Section 115 trust — a trust that is exempt from taxation under Section 115 of the
Internal Revenue Code set up to benefit from the same tax-exempt status of the
governmental employer who establishes and adopts the trust
Structural Deficit — Revenues less non -discretionary expenditures which typically
include administration, operations, wages, mandatory capital replacement and
depreciation.
Unfunded (actuarial) accrued liability (UAL/UAAL) / net pension liability — the
difference between an actuarial accrued liability and the actuarial value of assets
accumulated to finance that obligation; (actuarial) accrued liability (AL/AAL) minus any
assets that have been irrevocably set aside to fund future benefits
Glossary of Terms
Capital Improvement Program and Funding Options
Bond — The issuance of debt by the City to fund capital projects and purchased by
bondholders with the promise to make interest payments and principal repayment over
time
CREB — Clean and Renewable Energy Bond. A taxable municipal bond providing a "tax
credit" to the purchaser of the bond. Tax credit portion of bond interest is submitted to
issuer after each bond payment and is treated as credit against total bond debt service
payment.
CIP — Capital Improvement Program. The identified short and long-term projects
associated with facilities and services provided by the City.
Infrastructure — Capital projects including streets, curbs, gutters, utilities, treatment
plants, storm drain systems and other critical components maintained by the City
ESCO — Energy Service Company engaged by the City to audit, design and implement
energy efficiency measures and renewable energy projects. ESCO agreements typically
include energy savings guarantee to provide assurance to the City that measures are
economically beneficial or cash flow neutral to the City's budget. ESCO serves as general
contractor for project.
Facilities — Structures such as the City Hall, Fire Stations, Police Station, Treatment
Plants, Park Buildings and other structures.

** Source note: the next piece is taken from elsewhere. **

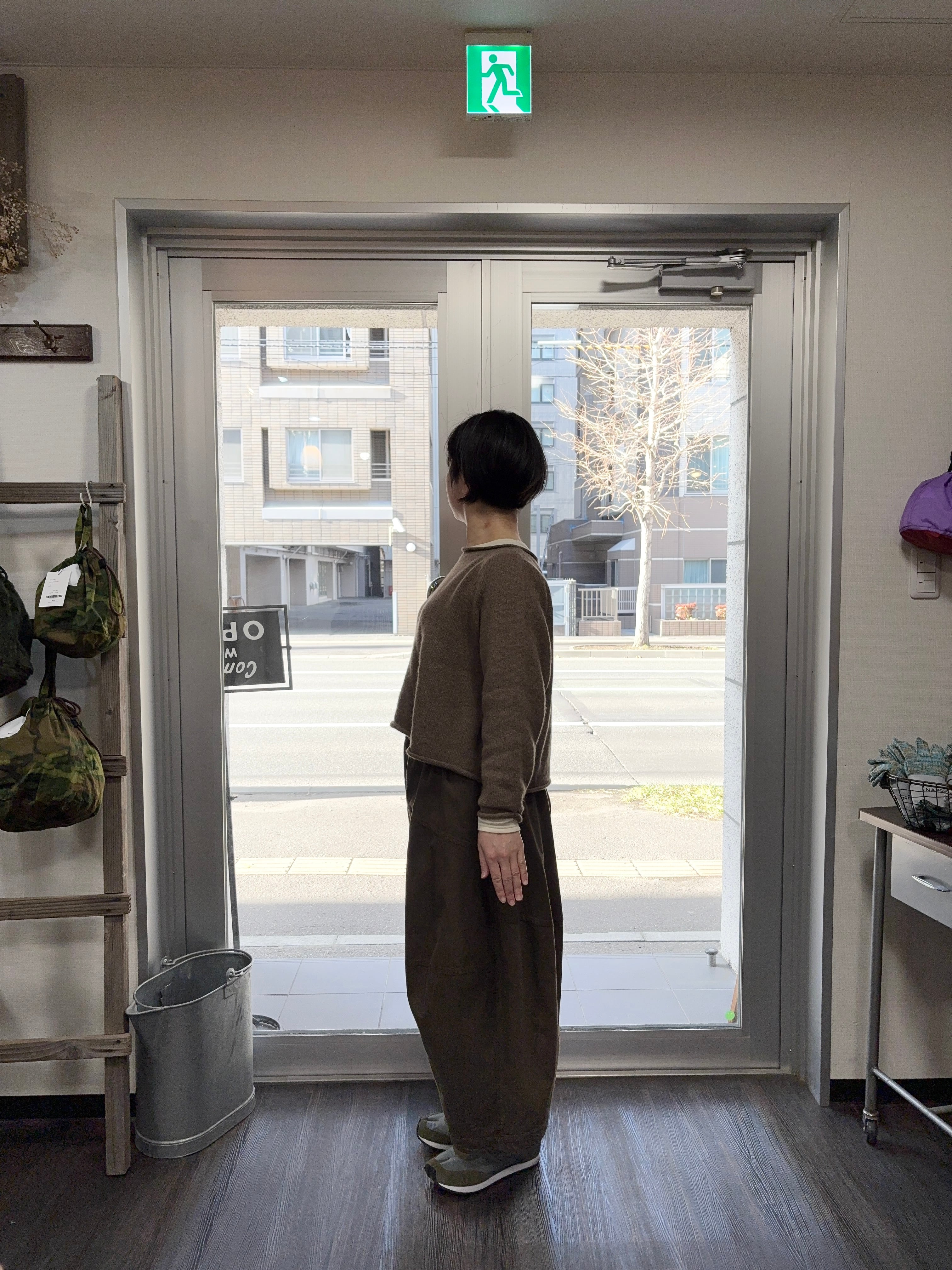 腰回りはスッキリと収まりが良く裾に向かって自然なワイドラインを作りますが広がらないため全体的に見ると甘さを抑えた洗練された印象になります。

Financing Costs — The costs and expenses incurred in connection with the issuance
and sale of bonds, including the initial fees and expenses of the Trustee, rating agency
fees, fees and expenses of Bond Counsel and Disclosure Counsel, other legal fees and
expenses relating to the approval of the Bonds, other related documents and certificates,
and matters related thereto, costs of preparing the Bonds and printing the Official
Statement, fees of financial consultants, bond insurance premium, if any, surety bond
premium, if any, and other fees and expenses.

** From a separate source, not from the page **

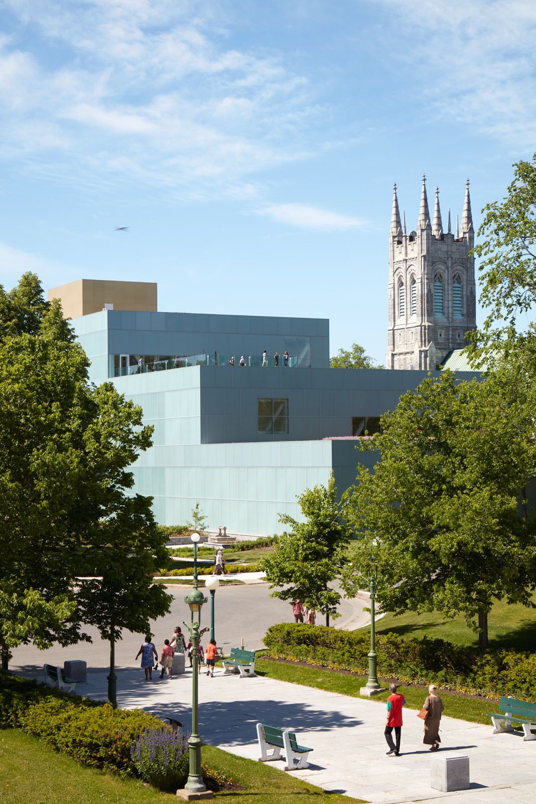 The intricate and sensitive context of the new building generated the central questions underpinning the design: How to extend Parc des Champs-de-Bataille while inviting the city in? How to respect and preserve the Saint Dominique church while creating a persuasive presence on Grande Allée? How to clarify the museum’s organization while simultaneously adding to its scale?OMA’s solution was to stack the required new galleries in three volumes of decreasing size to house temporary exhibitions, permanent modern and contemporary collections, and Decorative Arts and design, as well as Inuit artworks, creating a cascade ascending from the park towards the city. The building aims to weave together the city, the park and the museum as an extension of all three simultaneously.

Major Maintenance — Deferred and/or Ongoing CIP projects that provide major
maintenance and/or upgrades to existing infrastructure and /or facilities required to
provide essential public services and maintain health and safety.
New Public Improvements — CIP projects that expand existing infrastructure and/or
facilities, or construct new facilities, to address present and future needs of the
community.
"Pay as you Go" — Defined as the funding of identified projects through the normal
budget process and paid from available revenues without the need to borrow from any
other source (internal or external).